§ **Task to carry out**:
What you return must be the full data, repeated verbatim, with no pictures in it.

§ **Data below**:
______________________________
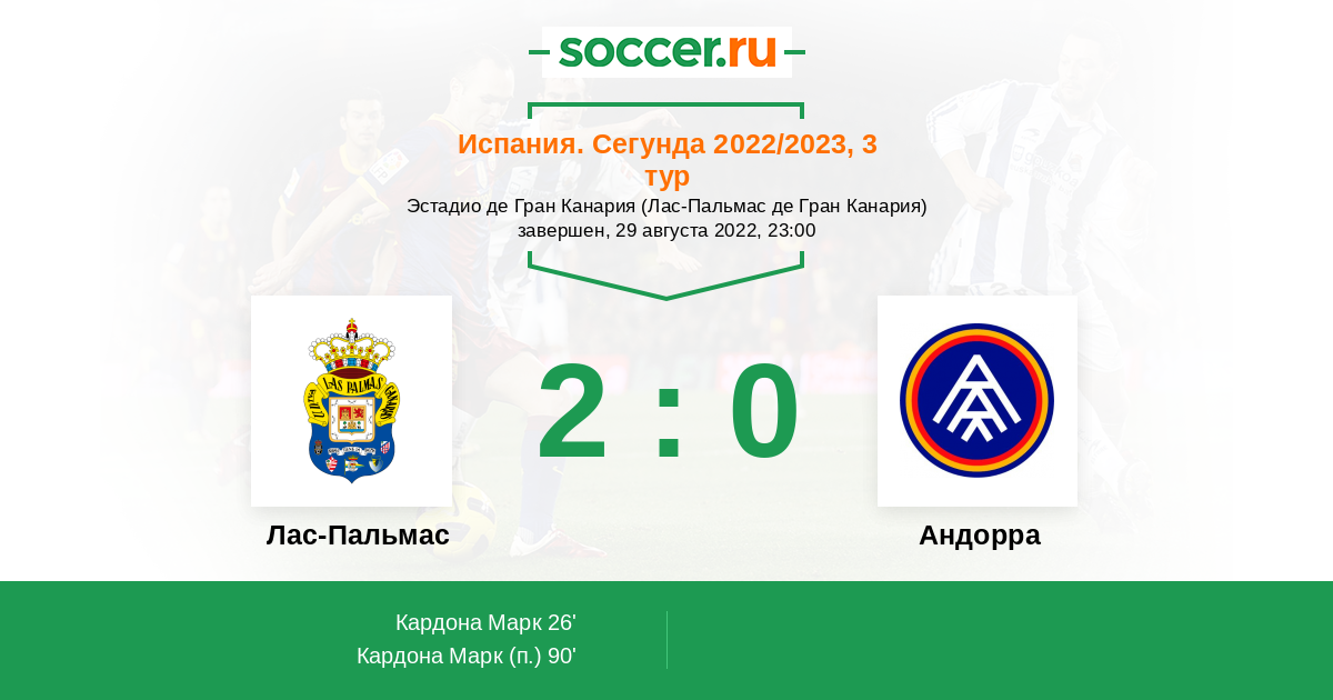В предстоящем матче 3 - го тура испанской Сегунды между командами Там - Пальмас и ФК Андорра , явным фаворитом на победу является команда хозяев Там - Пальмас , так как они и играют убедительнее.
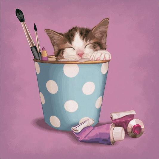 Gifted kitten White Modern Wood Framed Art Print with Double Matting by Cazenave, Maryline
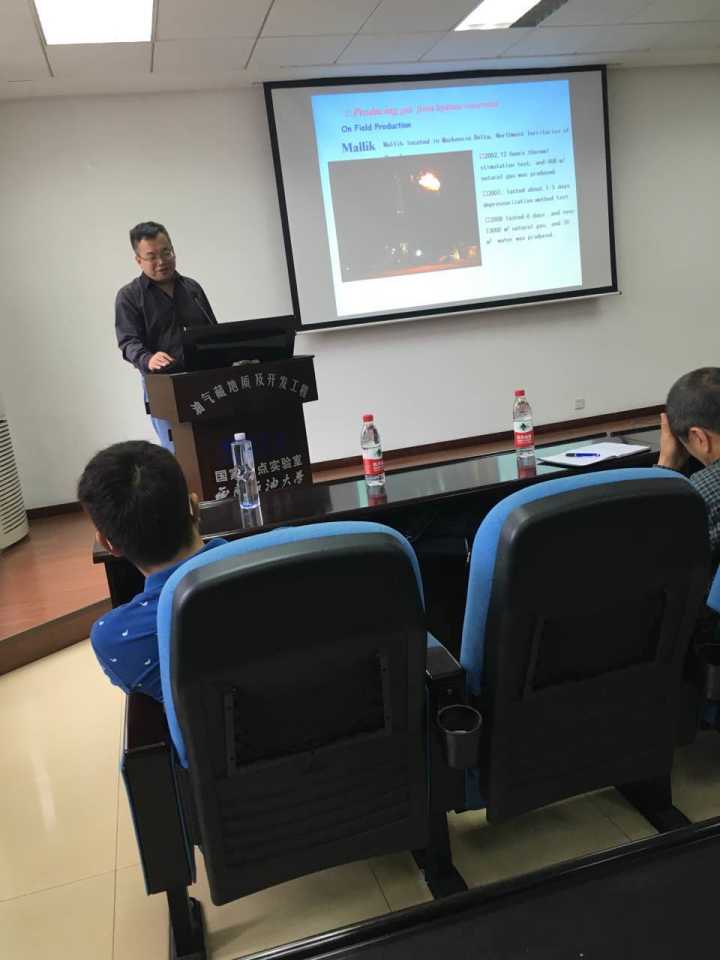 樊栓獅教授首先對天然氣水合物研究的重要性進行了闡述,提醒同學們一定要注意天然氣水合物對天然氣開采、運輸、使用過程中的不利影響。隨后樊教授對國內外天然氣水合物的研究現狀進行了論述分析,深入淺出的介紹了天然氣水合物研究的各個方面,并著重介紹了天然氣水合物研究的最新進展。在講座的最后,樊教授語重心長地教導同學們要努力學習、刻苦鉆研、醉心學術,擁有使命感與責任感,為石油天然氣的學術研究做出貢獻。
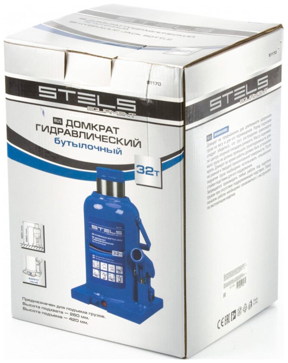 STELS 51170 Домкрат гидравлический бутылочный, 32 т, h подъема 260-420 мм Stels 51170 STELS 51170
______________________________
§ **Result for this exercise**:
В предстоящем матче 3 - го тура испанской Сегунды между командами Там - Пальмас и ФК Андорра , явным фаворитом на победу является команда хозяев Там - Пальмас , так как они и играют убедительнее.
 Gifted kitten White Modern Wood Framed Art Print with Double Matting by Cazenave, Maryline
 樊栓獅教授首先對天然氣水合物研究的重要性進行了闡述,提醒同學們一定要注意天然氣水合物對天然氣開采、運輸、使用過程中的不利影響。隨后樊教授對國內外天然氣水合物的研究現狀進行了論述分析,深入淺出的介紹了天然氣水合物研究的各個方面,并著重介紹了天然氣水合物研究的最新進展。在講座的最后,樊教授語重心長地教導同學們要努力學習、刻苦鉆研、醉心學術,擁有使命感與責任感,為石油天然氣的學術研究做出貢獻。
 STELS 51170 Домкрат гидравлический бутылочный, 32 т, h подъема 260-420 мм Stels 51170 STELS 51170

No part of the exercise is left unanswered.